◆ About this task: Exclude the images and repeat all remaining entries exactly.

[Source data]
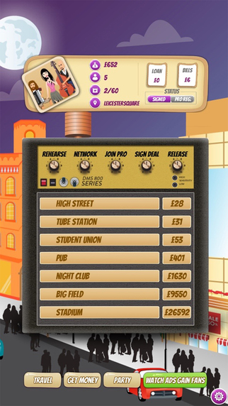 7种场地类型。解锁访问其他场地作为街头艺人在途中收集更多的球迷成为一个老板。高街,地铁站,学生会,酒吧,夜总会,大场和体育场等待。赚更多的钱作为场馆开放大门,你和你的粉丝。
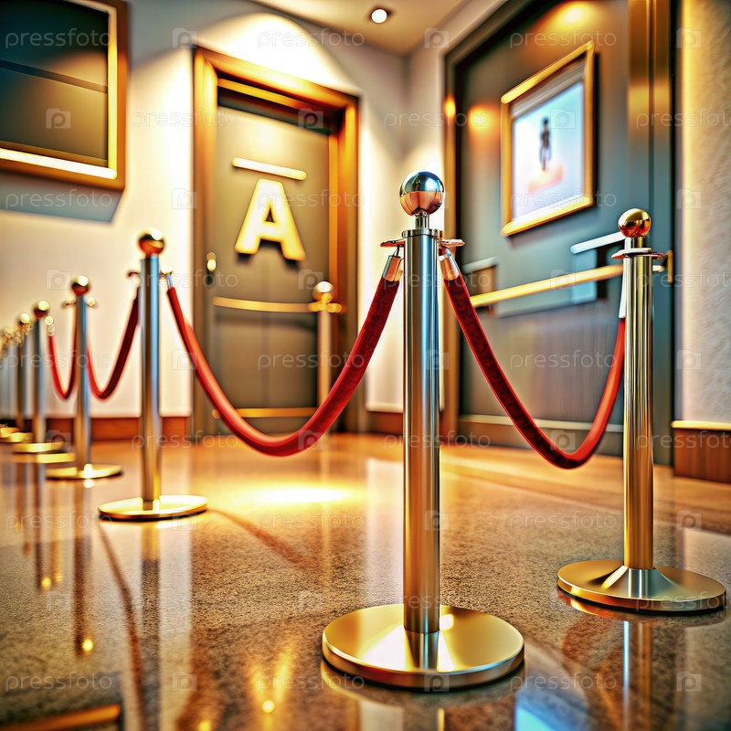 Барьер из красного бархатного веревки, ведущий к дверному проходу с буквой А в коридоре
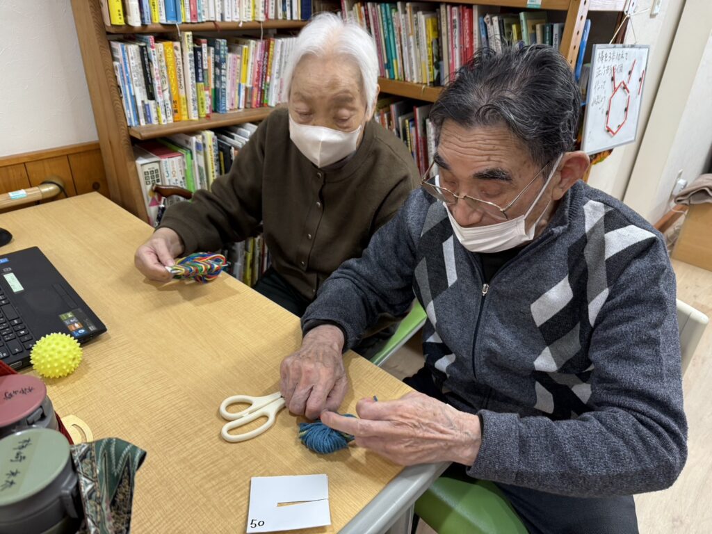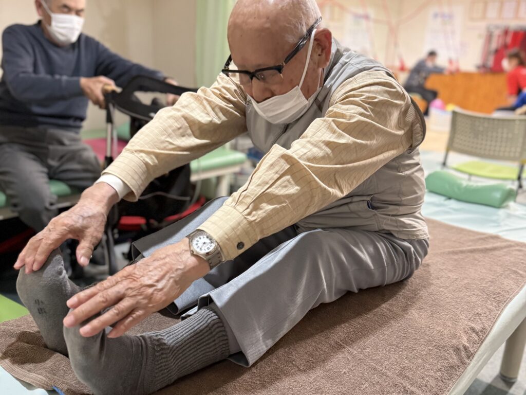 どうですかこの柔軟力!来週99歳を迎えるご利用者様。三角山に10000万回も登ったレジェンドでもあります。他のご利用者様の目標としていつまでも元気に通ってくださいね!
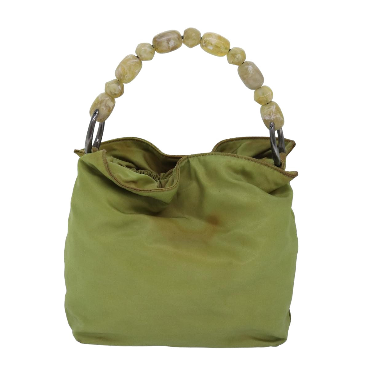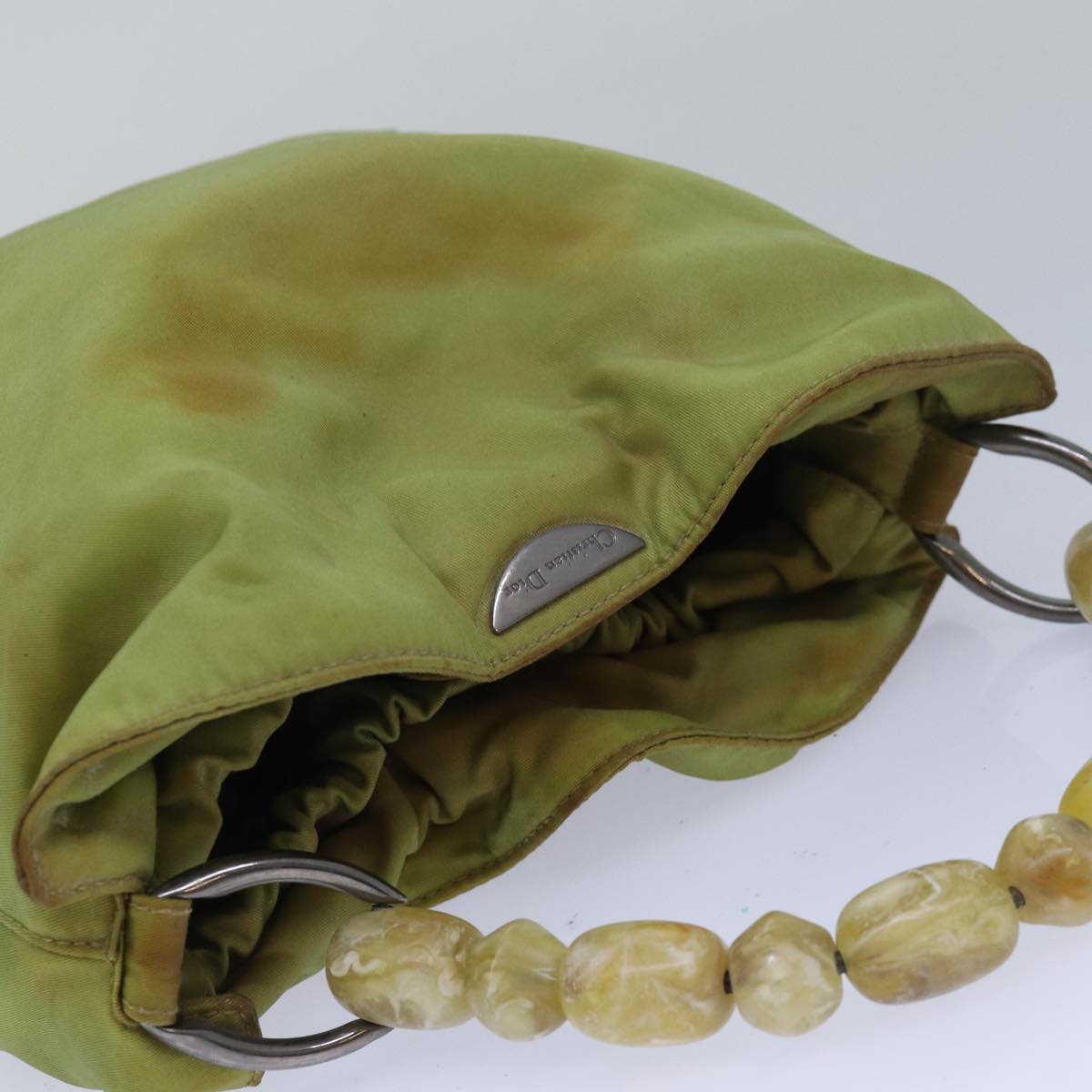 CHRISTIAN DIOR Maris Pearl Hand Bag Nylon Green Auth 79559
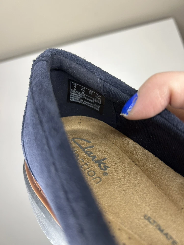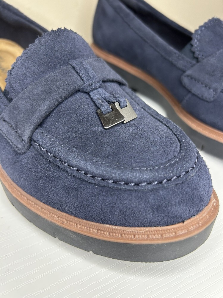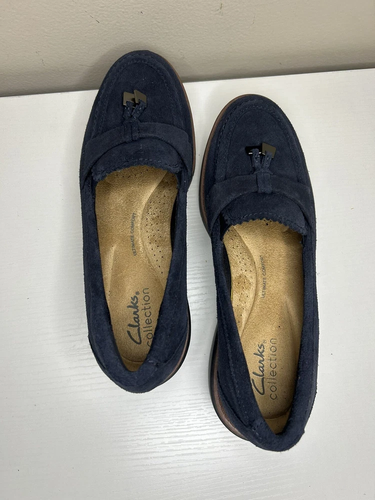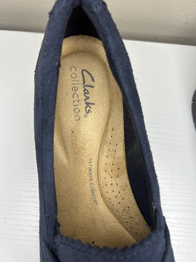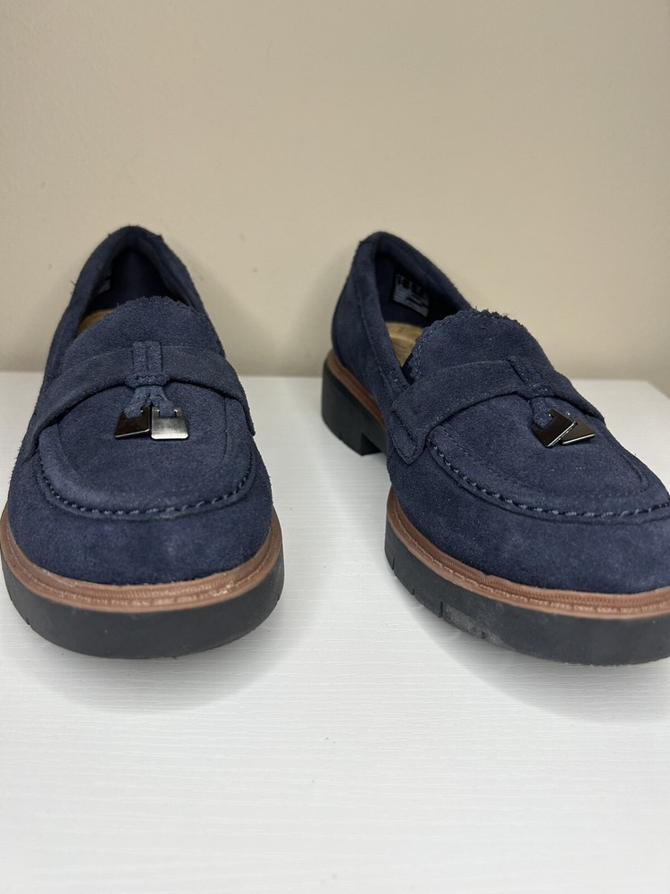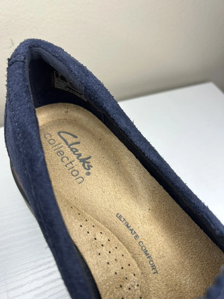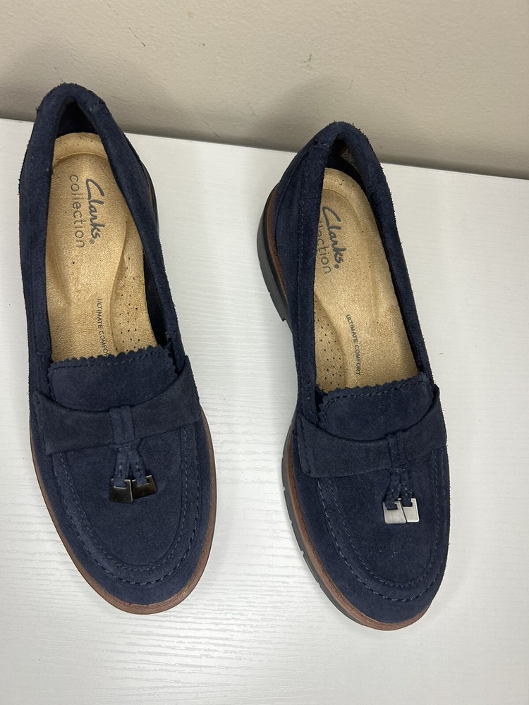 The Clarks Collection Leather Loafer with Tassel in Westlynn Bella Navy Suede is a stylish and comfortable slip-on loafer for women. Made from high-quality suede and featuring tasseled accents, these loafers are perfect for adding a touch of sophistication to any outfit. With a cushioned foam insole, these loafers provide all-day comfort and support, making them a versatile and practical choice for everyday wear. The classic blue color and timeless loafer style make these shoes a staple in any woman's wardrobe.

◆ Result:
 7种场地类型。解锁访问其他场地作为街头艺人在途中收集更多的球迷成为一个老板。高街,地铁站,学生会,酒吧,夜总会,大场和体育场等待。赚更多的钱作为场馆开放大门,你和你的粉丝。
 Барьер из красного бархатного веревки, ведущий к дверному проходу с буквой А в коридоре
 どうですかこの柔軟力!来週99歳を迎えるご利用者様。三角山に10000万回も登ったレジェンドでもあります。他のご利用者様の目標としていつまでも元気に通ってくださいね!
 CHRISTIAN DIOR Maris Pearl Hand Bag Nylon Green Auth 79559
 The Clarks Collection Leather Loafer with Tassel in Westlynn Bella Navy Suede is a stylish and comfortable slip-on loafer for women. Made from high-quality suede and featuring tasseled accents, these loafers are perfect for adding a touch of sophistication to any outfit. With a cushioned foam insole, these loafers provide all-day comfort and support, making them a versatile and practical choice for everyday wear. The classic blue color and timeless loafer style make these shoes a staple in any woman's wardrobe.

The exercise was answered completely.